Incident 2 – Il a été déterminé que l'appelant tenait la main de l'un des enfants, la tenant bien haut de manière à ce que l'enfant se soit mis mal à l'aise pour se lever et avancer, et l'appelant l'a conduit agressivement de l'autre côté de la pièce, en le balançant à deux mains pour le faire asseoir dans la poussette. Il a été déterminé qu'il s'agissait d'un incident violent constituant une agression. L'appelant doit être acquitté. L'appelant conduit effectivement l'enfant en le tirant par la main, et cela est fait de manière agressive. Mais ici aussi, nous avons affaire à une conduite fonctionnelle, qui ne franchit pas le seuil pénal.
Incident 3 - L'appelant s'approche d'un tout-petit debout dans la cour et saisit violemment la partie supérieure de son bras, ce qui lui fait légèrement se pencher en avant. Regarder les vidéos indique effectivement que c'est une forte perception et constitue une attaque à toutes fins utiles. Il semble que dans cette affaire, l'usage de la force de la part de l'appelant ait été fait afin de transmettre un « message éducatif » au tout-petit par des moyens physiques. Un tel cas, dans lequel l'usage de la force n'est pas requis fonctionnellement, constitue une infraction d'agression. L'appel doit donc être rejeté.

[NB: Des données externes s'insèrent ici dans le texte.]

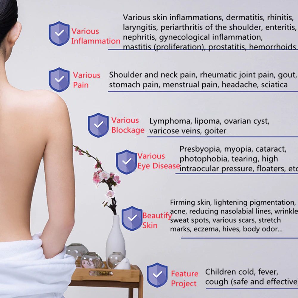 Eyes: Hold blower blue light over the eyes with a circular motion five minutes each.
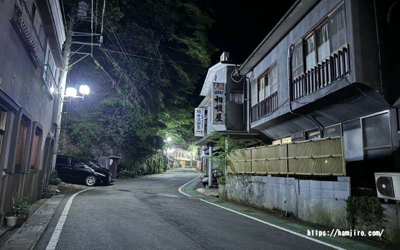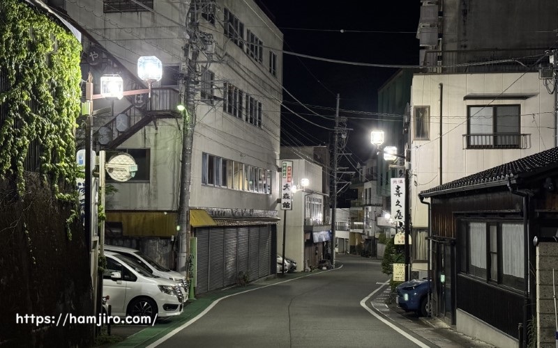 静寂に包まれる温泉街と昭和レトロ宿の一夜

Incident 4 – Dans cet incident, il a été déterminé que l'appelant s'est approché de l'enfant qui se trouvait dans une cabine en plastique dans la cour, l'a tiré pour qu'il tombe au sol et pleure. Elle le saisit par le bras en réponse et l'emmène. L'appelant doit être acquitté. L'examen des vidéos ne conduit pas à une conclusion claire que l'appelant a effectivement tiré le mineur de force et l'a fait tomber. Par la suite, l'appelante se met en colère contre l'enfant, le tient par la main et le tire, mais ses actes ne semblent pas constituer une agression, même s'ils sont certainement agressifs et qu'un certain usage de la force a été fait.
Incident 5 – L'appelant s'approche du tout-petit tombé, pleure, lui attrape le bras et lui fait signe tout en le saisissant d'une seule main. Il a été déterminé que cette vague était violente et qu'il s'agissait d'une agression. Je ne pense pas. En regardant la vidéo, on voit que l'appelante a effectivement soulevé le tout-petit de son bras, mais qu'après l'avoir soulevé, elle l'a soutenu de l'autre main. Dans une certaine mesure, il semble que le levage n'ait pas été fait pour blesser l'enfant ou par instinct vindicatif, mais peut-être en raison de la difficulté de l'appelant à se pencher pour soulever l'enfant. Cela n'enseigne pas que c'est la bonne façon d'élever les enfants ; Loin de là. Cependant, comme je l'ai noté à plusieurs reprises, il n'est pas possible de déterminer que ses actes susmentionnés entraînent une responsabilité pénale.